Penalized polytomous ordinal logistic regression using cumulative logits. Application to network inference of zero-inflated variables

TL;DR

This paper introduces a penalized ordinal logistic regression method with stability selection and knockoffs for variable selection, applied to network inference of zero-inflated variables in real agronomic data.

Contribution

It develops a novel penalized regression approach using cumulative logits, stability selection, and knockoffs for ordinal responses, with practical application to zero-inflated network inference.

Findings

Effective variable selection in ordinal regression models.

Successful application to real agronomic zero-inflated data.

Enhanced interpretability of covariate importance.

Abstract

We consider the problem of variable selection when the response is ordinal, that is an ordered categorical variable.
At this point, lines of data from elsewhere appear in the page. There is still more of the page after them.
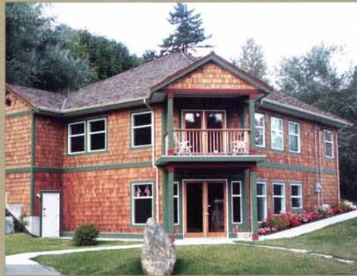
Mission Regional Chamber of Commerce Traditions West Designs Ltd.

Beautiful Durable Insulative Wind Resistant Withstands Thermal Shock Impact Resistant Light Weight
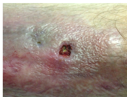
Fig. 2. Wound after five days of using NPWT.
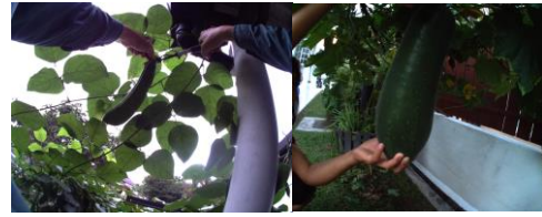
Fig. 3 Examples of lesser-known vegetables grown in participants' gardens - sword beans (left) and winter melon (right)

As well as buying food, participants in both countries made use of gardens or wild plants for food. Seven out of ten participants in Malaysia grew some of their own food either in the garden or indoors (see Fig. 3). Participant M10 attended a permaculture on sustainable living course and subsequently had planted many varieties of lesser-known crops in her garden such as sword beans in support of local, tropical crops. The Malay participants would often plant 'ulam' (herb salad of Malaysia) vegetables in their own garden or in their home villages.
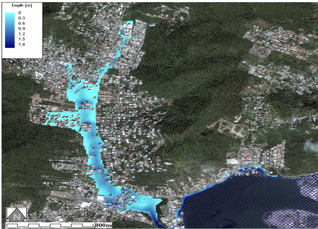
Figure 19: Water depth-Smooth with Road and Buildings_ DTM15_M20 Aerial Photo
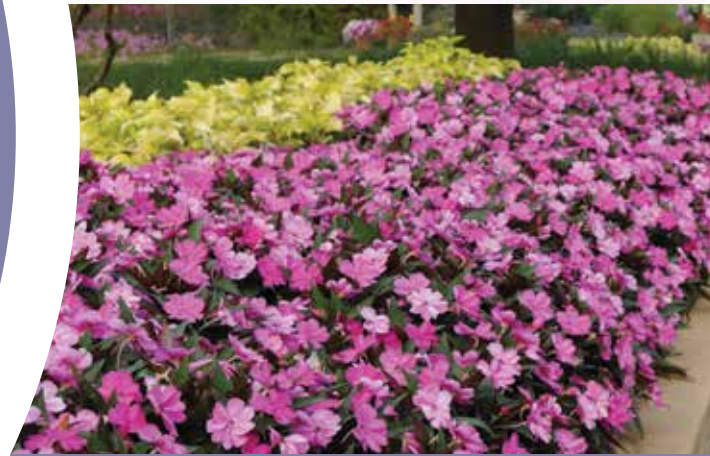
SUNPATIENS® COMPACT IMPATIENS SERIES ●●●

Height: 15 to 20 in. (38 to 51 cm) Spread: 12 to 14 in. (30 to 36 cm)
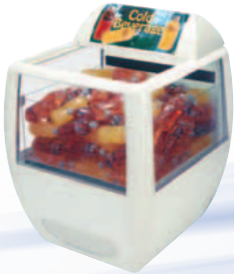
TC17 Lightbox is optional
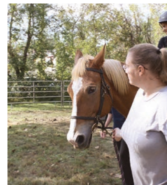
At past "Clifton Day," festivities, NVTRP provided rides to children in a small arena.

In order to meet the growing demand for NVTRP services, and provide an enhanced experience for current riders, their families, and volunteers, they are conducting a whole scale capital improvement project that will unleash property's full potential. Phase I, including the new, lit outdoor Trefry Riding Arena, expanded parking, acces-
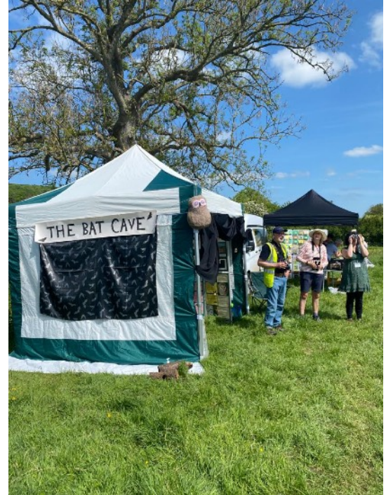
The Bat Cave was full of information about bats, especially the Greater Horseshoe bats that are special to the site.
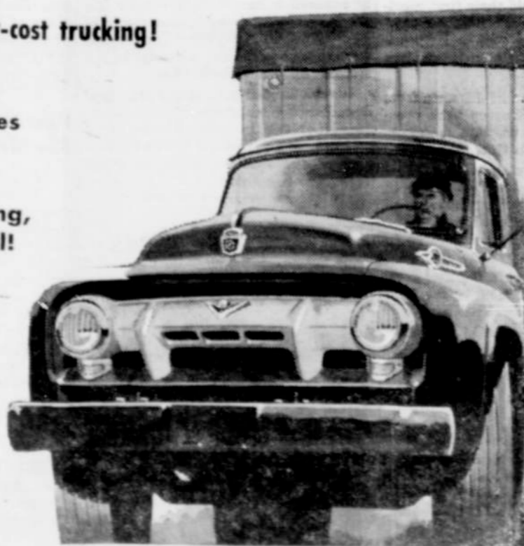
New Ford F-900 Six Cyl., G.V.W. 27,000 lbs., G.C.W. 54,000 lbs.
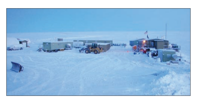
Toolik Field Station, located on Alaska's North Slope, has begun year-round operations and can support up to 20 researchers during the winter months of October through April.

Data management and Geographic Information Systems (GIS)/Information Technology (IT) services. Workshop participants recommended that TFS provide enhanced data management services, including a TFS-centric database, online data delivery, and GIS-integrated networks that link to data from other field stations. Infrastructure requirements for these data management improvements include yearround power and communications, on-site data storage backup, and wireless Internet capability with at least a 15 km range for sensor transmission from the field. Repeater towers for transmission from more distant sites may also be required.
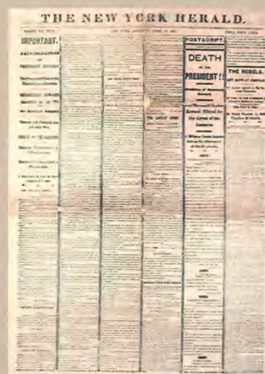
The New York Herald 10:00 o'clock edition, Saturday, April 15, 1865
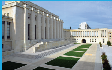
Palais des Nations, UNCTAD HQ Geneva
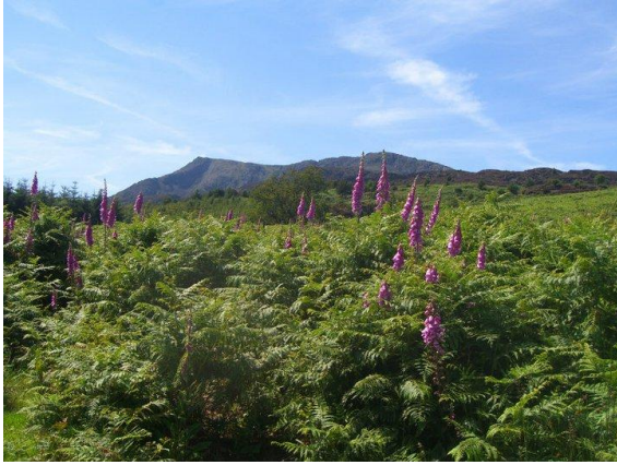
Moel Siabod and Foxglove – great pic ☺
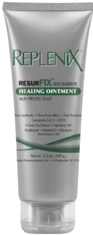
884 3.5 oz. (100g)
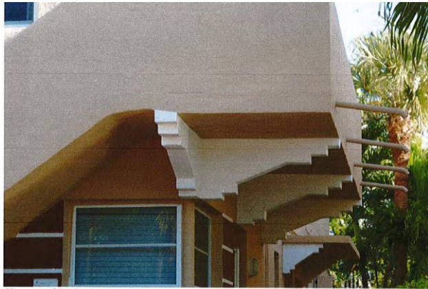
Close-up of Stylized Brackets Supporting Staircase
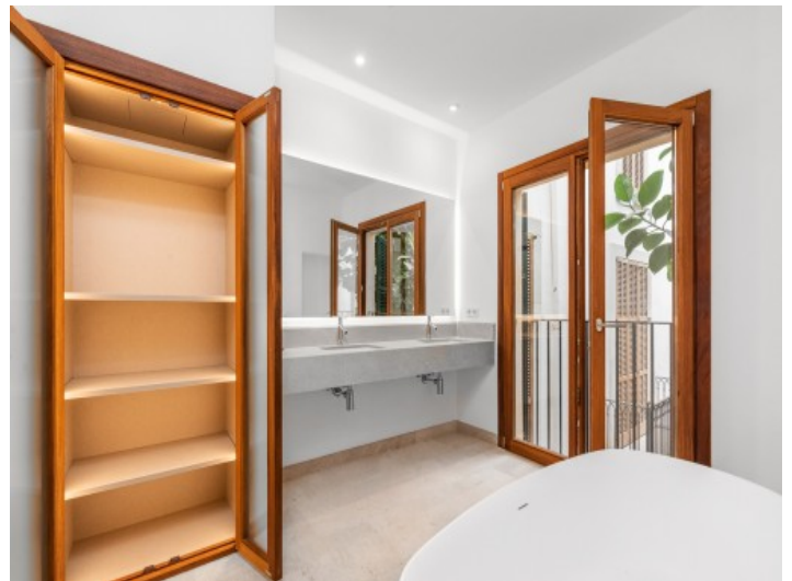
Luxurious bathroom on the ground floor
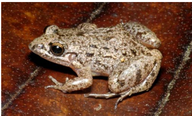
FIGURE 1. Male Leptodactylus thomei (CFBH 22295) collected at Mimoso do Sul, southern Espírito Santo.

The Leptodactylus marmoratus species group (formerly the genus Adenomera ) is taxonomically controversial; some cryptic species can be recognized only by behavioral aspects, such as call structure, genes, reproductive mode and natural history (Angulo et al. 2003; Almeida and Angulo 2006); recent studies encompassing advertisement calls revealed several cryptic species (Kwet and Angulo 2002; Angulo and Icochea 2003; Angulo et al. 2003; Kokubum and Giaretta 2005; Boistel et al. 2006; Almeida and Angulo 2006; Berneck et al. 2008; Angulo and Reichle 2008). Additionally, actual species diversity in the group is far greater than what is currently recognized (Angulo et al. 2003; Kokubum and Giaretta 2005; Angulo and Reichle 2008).
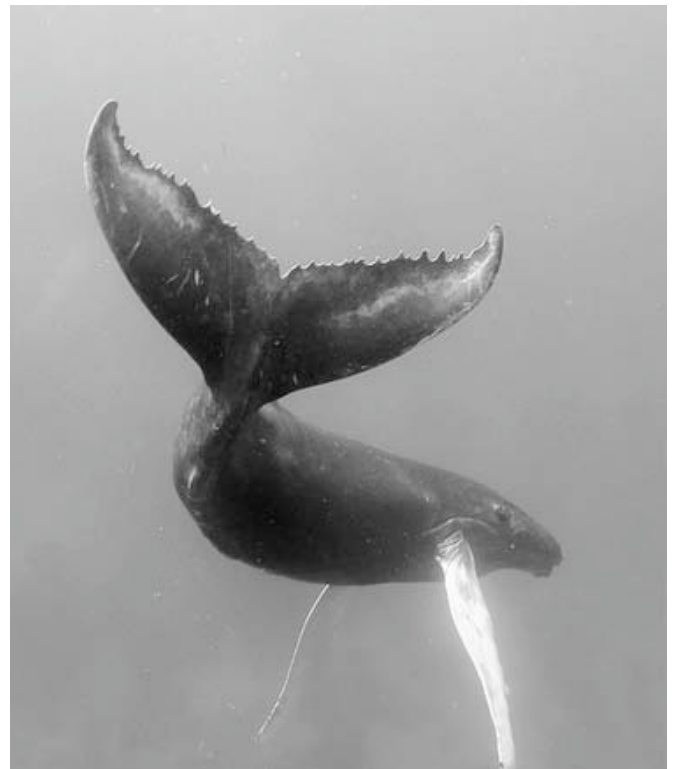
Open 3rd Place - Pat Miller, © 2009

Visible Dust Arctic Butterfly 724 Rotary Sensor Cleaning Brush with Case, (new at B&H for $109.95), in excellent condition, batteries included, for $75.00, HUPS members for $65.00.
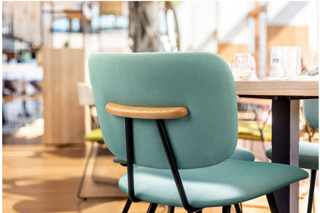
upholstery – design Arrow

Arrow is a newcomer with a young, modern and casual feel. A clear refined textile look. Supplied in 23 fresh, contemporary colours including aqua green, rust and stone.
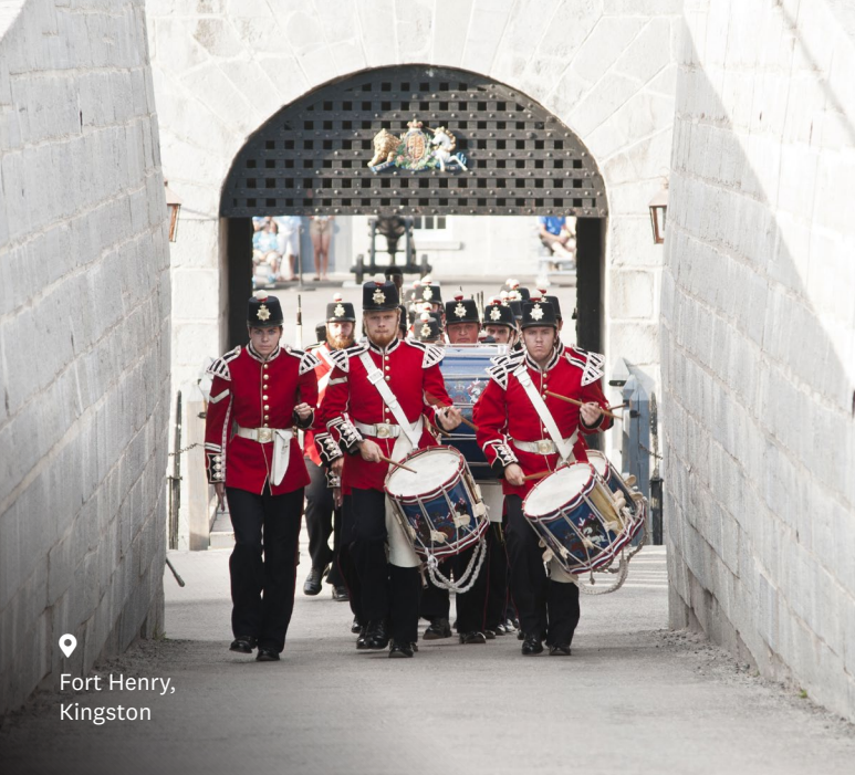
Fort Henry, Kingston
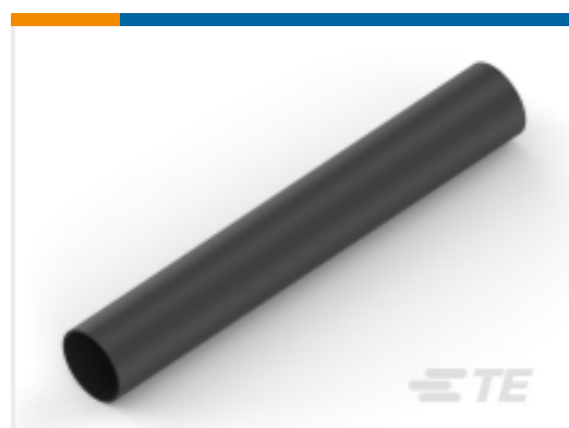
TE Part #7574442007 RAYRIM-NR8-0-STK
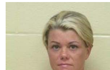
Bossier Booking Mugs June 1-3
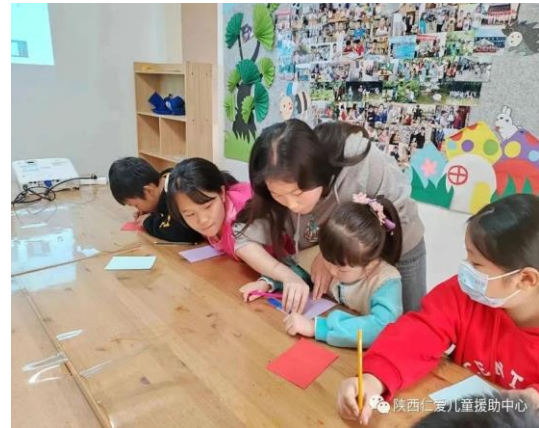
and "Dancing Leaves" Picture Book lesson
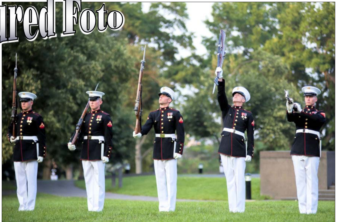
Marine Corps Silent Drill Platoon members perform during a Tuesday Sunset Parade at the Marine Corps War Memorial in Arlington, Virginia on July 9th.

In particular, we are interested in selecting quantitative explanatory variables linked with the ordinal response variable and we want to determine which predictors are relevant. In this framework, we choose to use the polytomous ordinal logistic regression model using cumulative logits which generalizes the logistic regression. We then introduce the Lasso estimation of the regression coefficients using the Frank-Wolfe algorithm. To deal with the choice of the penalty parameter, we use the stability selection method and we develop a new method based on the knockoffs idea. This knockoffs method is general and suitable to any regression and besides, gives an order of importance of the covariates. Finally, we provide some experimental results to corroborate our method. We then present an application of this regression method for network inference of zero-inflated variables and use it in practice on real abundance data in an agronomic context.